Timentes

Scientific classification
- Kingdom: Animalia
- Phylum: Arthropoda
- Clade: Pancrustacea
- Class: Insecta
- Order: Coleoptera
- Suborder: Polyphaga
- Infraorder: Cucujiformia
- Family: Chrysomelidae
- Subfamily: Eumolpinae
- Tribe: Euryopini
- Genus: Timentes Selman, 1965
- Species: T. camerunensis
- Binomial name: Timentes camerunensis (Pic, 1953)
- Synonyms: Thysbina camerunensis Pic, 1953; Timentes flavipes Selman, 1965;

= Timentes =

- Authority: (Pic, 1953)
- Synonyms: Thysbina camerunensis Pic, 1953, Timentes flavipes Selman, 1965
- Parent authority: Selman, 1965

Genus of leaf beetles from Africa

Timentes is a genus of leaf beetles in the subfamily Eumolpinae. It contains only one species, Timentes camerunensis, from Cameroon and possibly Tanzania. It is closely related to Thysbina.

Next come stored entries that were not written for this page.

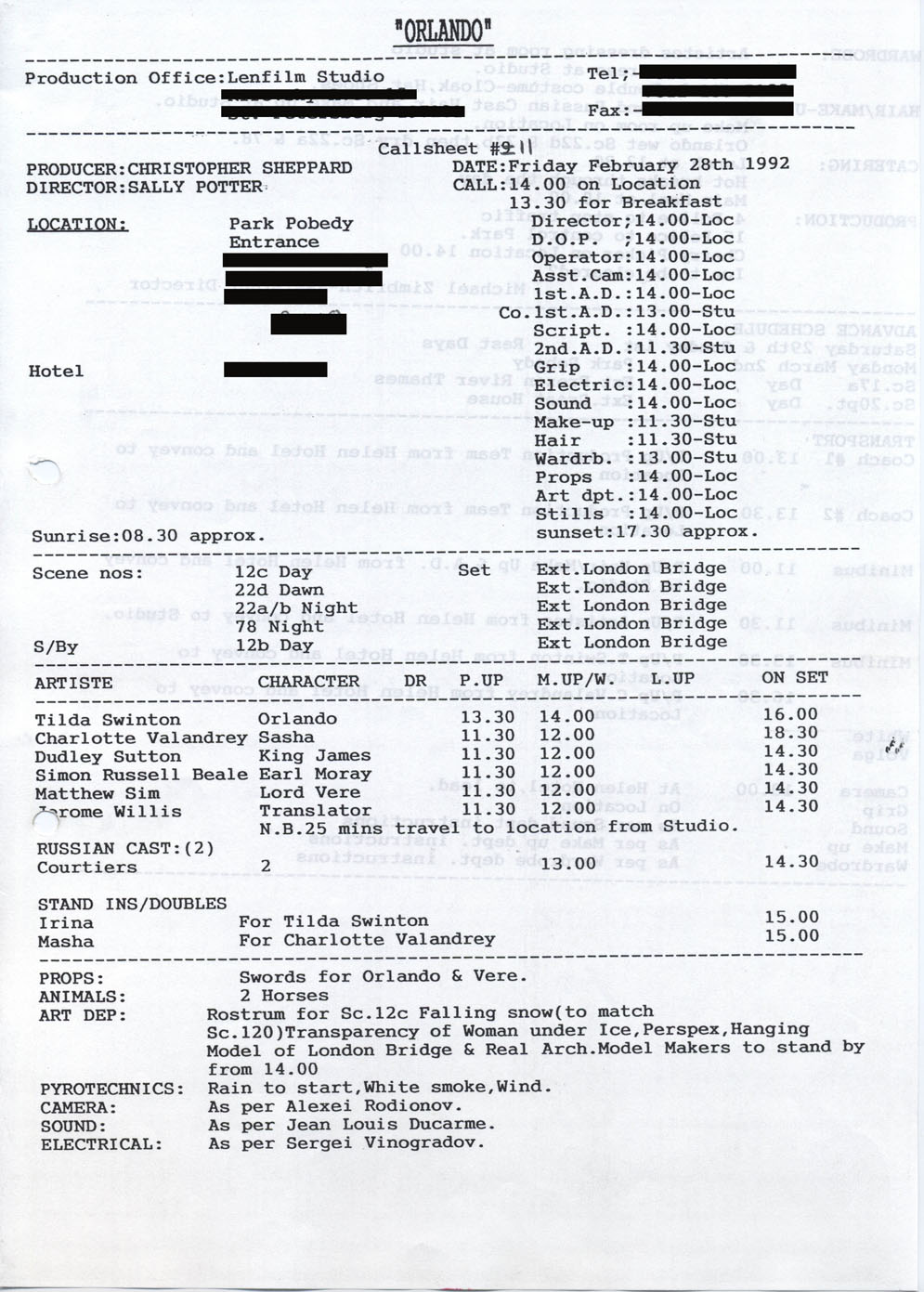 Description Production call sheet #11. Typed A4 sheet with pencil annotations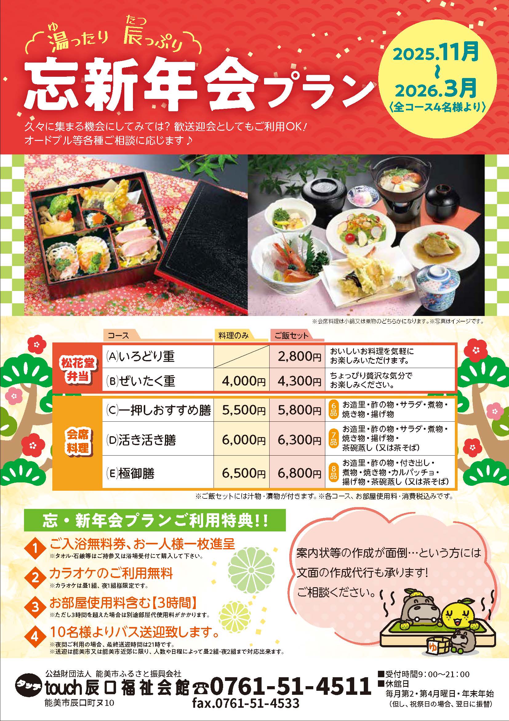| 入浴料金 大人200円 ・ 中人(小学生)100円 ・ 幼児(0歳~)40円 | |||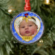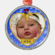 Ajoutez facilement la photo de votre nouveau bébé à ce joli ornement de Noël Bébé Bleu doré Snowy avec l'année de naissance. Utilisez la boîte à images pour télécharger rapidement votre photo. Cliquez sur le lien Customiser plus loin pour ajuster la photo au besoin.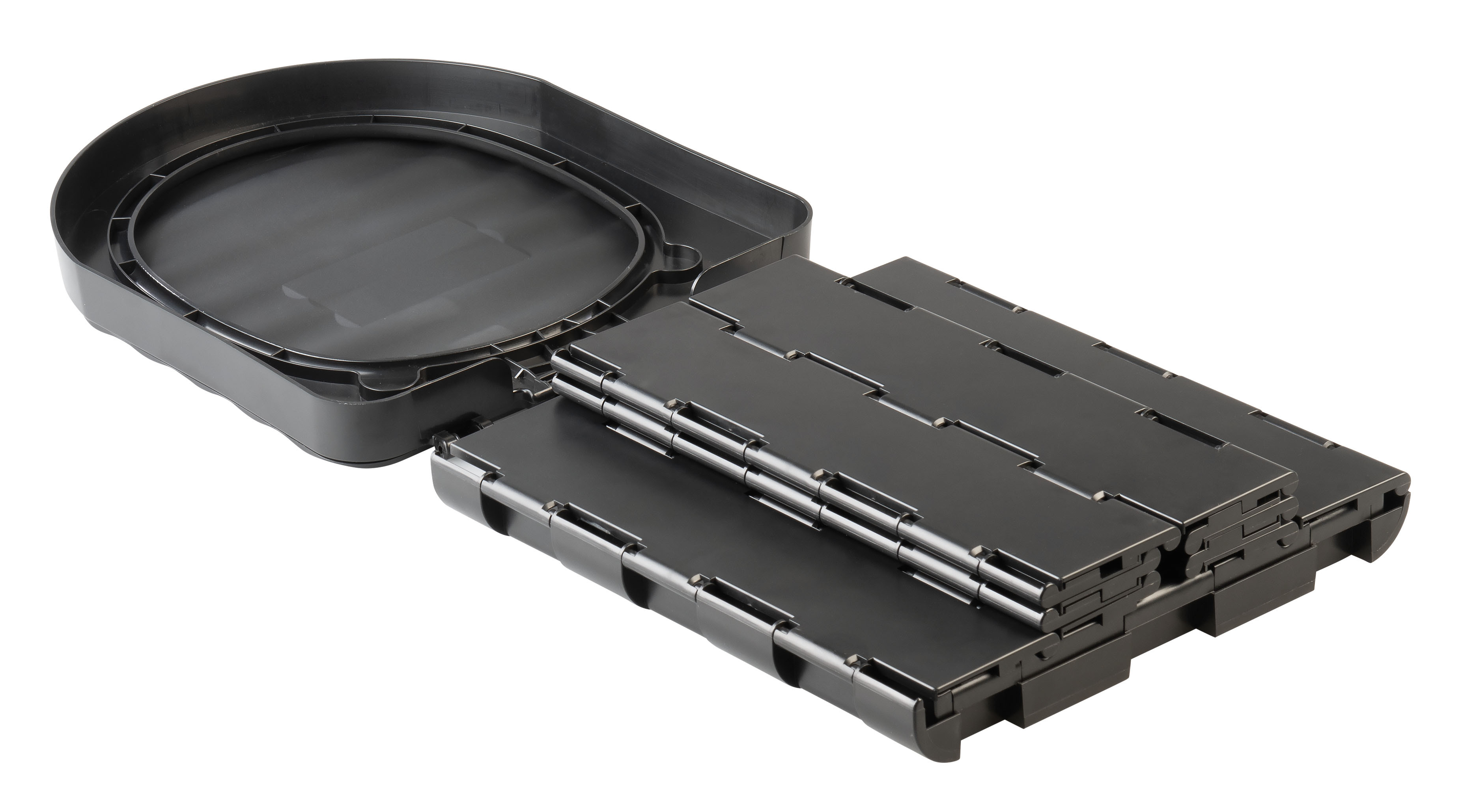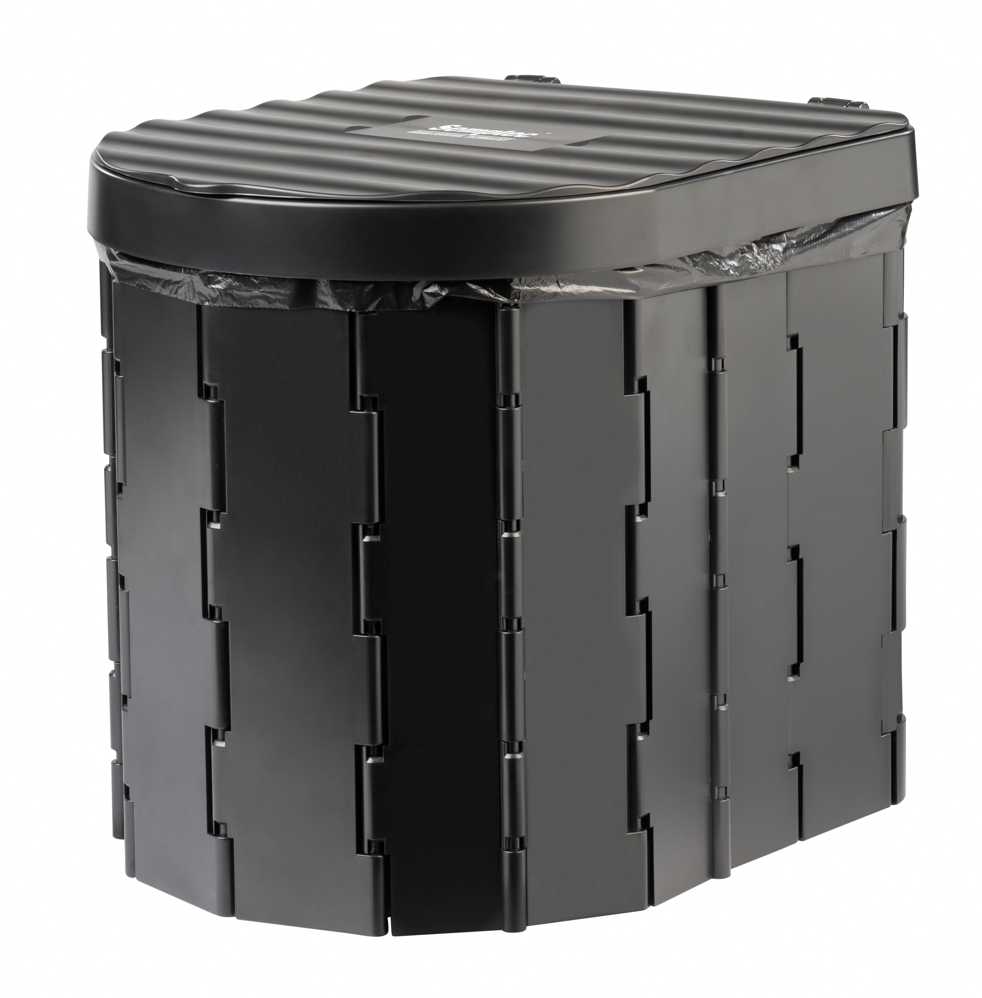 Die Campingtoilette lässt sich flach zusammenklappen und in der praktischen Tragetasche verstauen. So ist sie leicht zu transportieren und überall einsetzbar.

The genus was originally erected by Brian J. Selman for a single species, Timentes flavipes. According to Selman, the genus and species were originally named by Julius Weise at an unknown date (probably 1885–6), from material in the Jacoby collection found at the Natural History Museum, London. However, they were not described until 1965 by Selman himself, who preserved Weise's names for them. The holotype of T. flavipes has a label that gives its locality as "East Africa" without further indication, though it was thought by Selman to probably come from Tanganyika in Tanzania.

In 2019, Stefano Zoia found that Timentes flavipes was a junior synonym of Thysbina camerunensis, a species described by Maurice Pic from Edéa, Cameroon in 1953, and moved the latter species to Timentes.